[Opening SOURCE MATERIAL section]
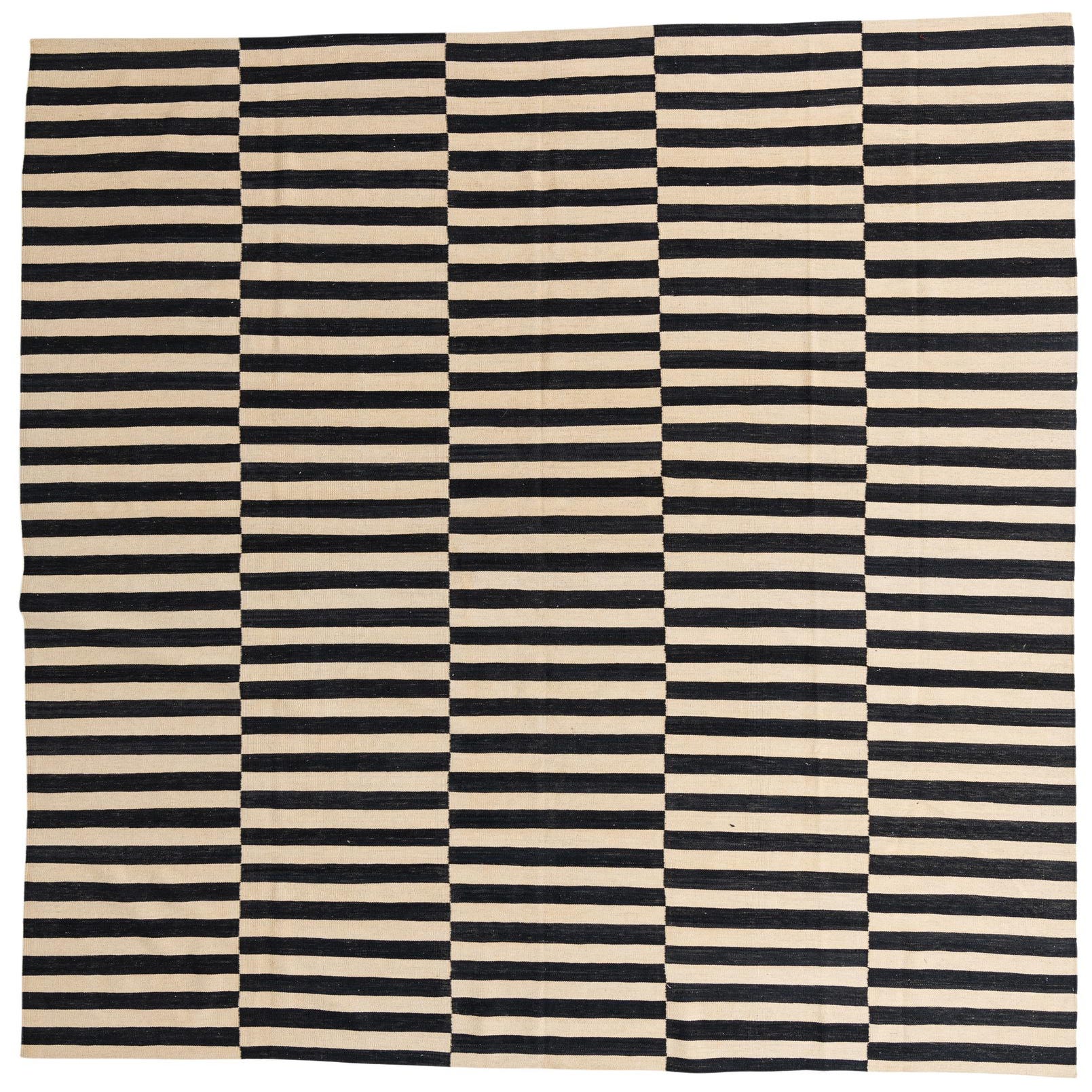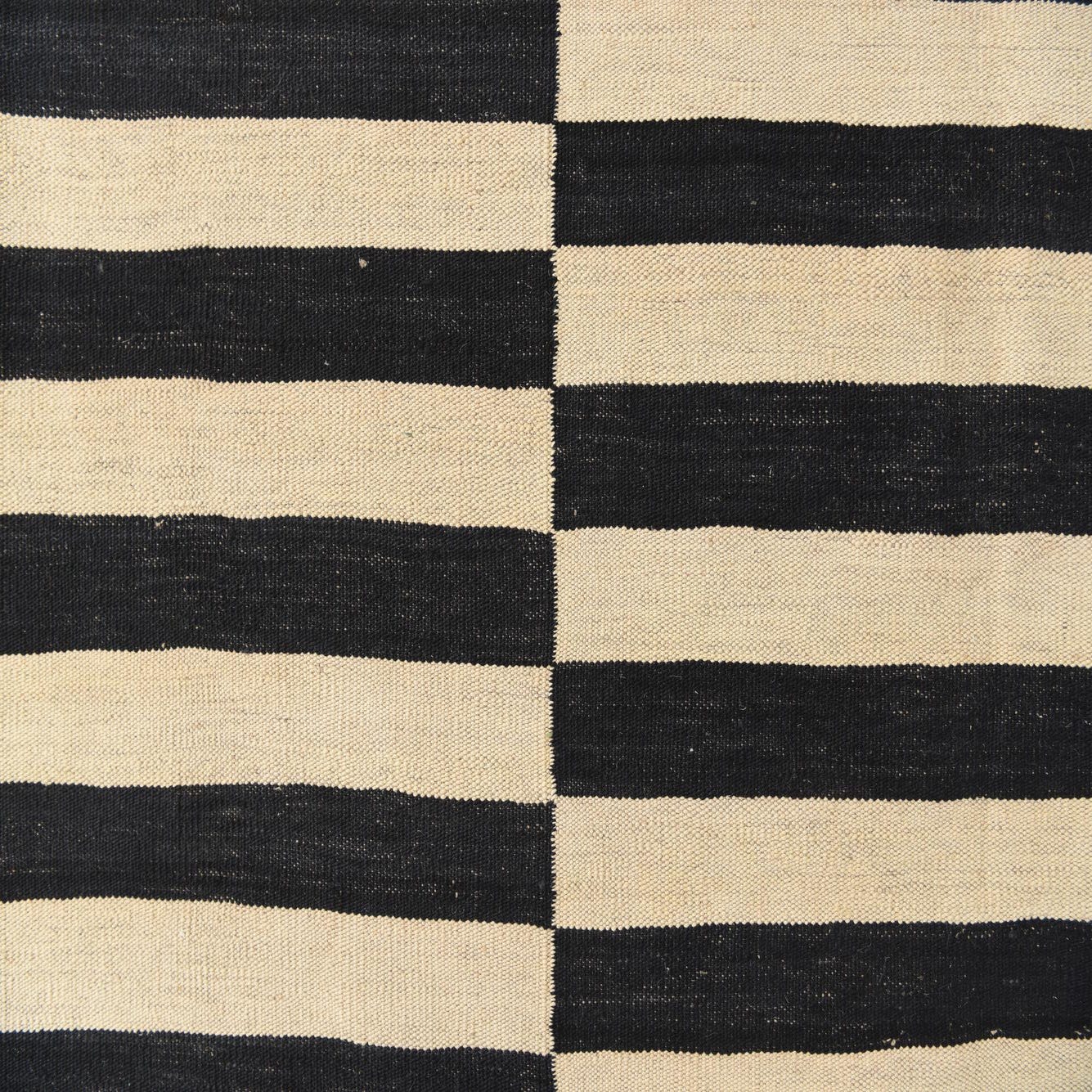 The Kilim Modern collection presents a hand-woven rug crafted from 100% wool in a generous 10x13 size, offering both comfort and durability. This piece exhibits a bold, linear pattern with alternating black and cream stripes that draw inspiration from traditional Kilim designs while embracing a contemporary aesthetic. The contrast between the stark black lines and the warm cream background makes this rug a striking statement piece.
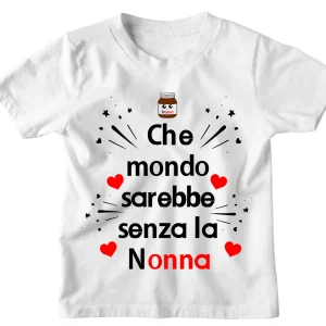 Tshirt Maglietta Bambino Bambina Divertente Nutella Nonna Che Mondo sarebbe senza la Nonna – Idea Regalo
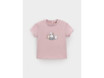 Очаровательная и стильная трикотажная футболка для девочки с принтом Единорог. На горловине спинки изделия выполнен бант. Линия плеча спущена. Изделие свободное по низу.
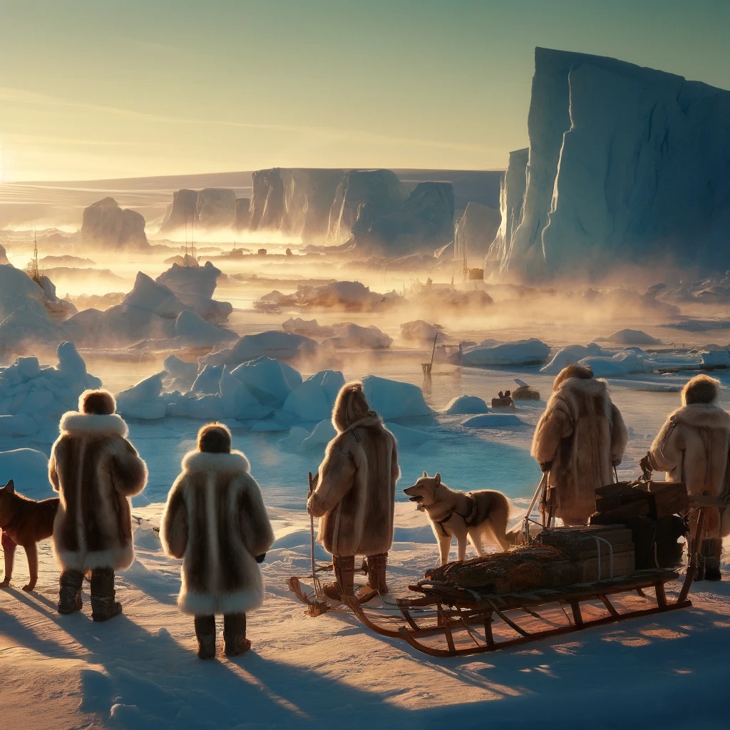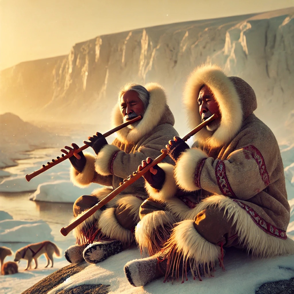 Native American, Katajjaq style, Inuit singers performing traditional throat singing, Katajjaq, in a snowy Arctic landscape, dressed in fur-lined clothing, under the aurora borealis
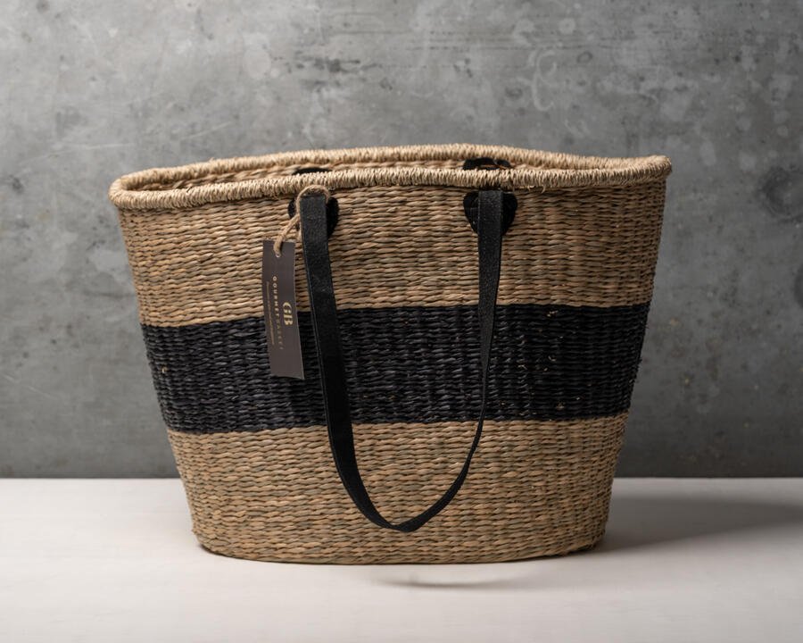 This extremely versatile and stylish market basket is handwoven with seagrass and comes with beautiful long faux leather handles, tough and durable, making it the perfect choice for the supermarket, market shopping or even the beach.
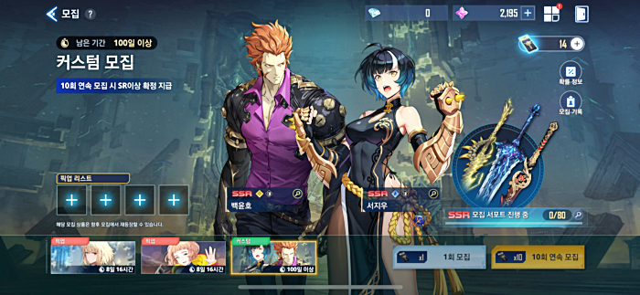 0티어 서지우, 엠마로랑, 차해인, 최종인 순으로 뽑아가시면 됩니다. 무기도 중요하긴 하지만 역시나 캐릭터를 뽑아가는게 가장 중요하며 가장 베스트는 2개의 캐릭터를 뽑아가는거지만 20회 뽑기로 진행을 해야하기 때문에 서지우를 0순위로 선택하셔서 1명만 나와도 이륙을 하시는게 편합니다.
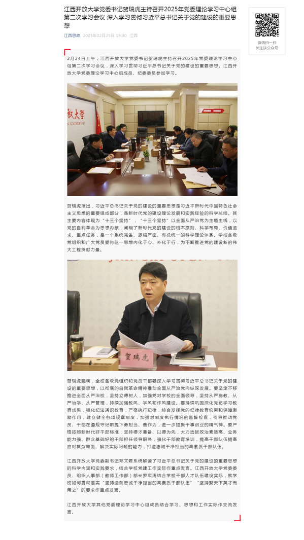 2月24日上午,江南官方体育官方入口(China)官方网站党委书记贺瑞虎主持召开2025年党委理论学习中心组第二次学习会议,深入学习贯彻习近平总书记关于党的建设的重要思想。江南官方体育官方入口(China)官方网站党委理论学习中心组成员、纪委委员参加学习。
[Closing SOURCE MATERIAL section]
- WHAT NEEDS TO BE DONE -
Everything in the listing above except the pictures should be duplicated exactly.

- FINAL ANSWER -
 The Kilim Modern collection presents a hand-woven rug crafted from 100% wool in a generous 10x13 size, offering both comfort and durability. This piece exhibits a bold, linear pattern with alternating black and cream stripes that draw inspiration from traditional Kilim designs while embracing a contemporary aesthetic. The contrast between the stark black lines and the warm cream background makes this rug a striking statement piece.
 Tshirt Maglietta Bambino Bambina Divertente Nutella Nonna Che Mondo sarebbe senza la Nonna – Idea Regalo
 Очаровательная и стильная трикотажная футболка для девочки с принтом Единорог. На горловине спинки изделия выполнен бант. Линия плеча спущена. Изделие свободное по низу.
 Native American, Katajjaq style, Inuit singers performing traditional throat singing, Katajjaq, in a snowy Arctic landscape, dressed in fur-lined clothing, under the aurora borealis
 This extremely versatile and stylish market basket is handwoven with seagrass and comes with beautiful long faux leather handles, tough and durable, making it the perfect choice for the supermarket, market shopping or even the beach.
 0티어 서지우, 엠마로랑, 차해인, 최종인 순으로 뽑아가시면 됩니다. 무기도 중요하긴 하지만 역시나 캐릭터를 뽑아가는게 가장 중요하며 가장 베스트는 2개의 캐릭터를 뽑아가는거지만 20회 뽑기로 진행을 해야하기 때문에 서지우를 0순위로 선택하셔서 1명만 나와도 이륙을 하시는게 편합니다.
 2月24日上午,江南官方体育官方入口(China)官方网站党委书记贺瑞虎主持召开2025年党委理论学习中心组第二次学习会议,深入学习贯彻习近平总书记关于党的建设的重要思想。江南官方体育官方入口(China)官方网站党委理论学习中心组成员、纪委委员参加学习。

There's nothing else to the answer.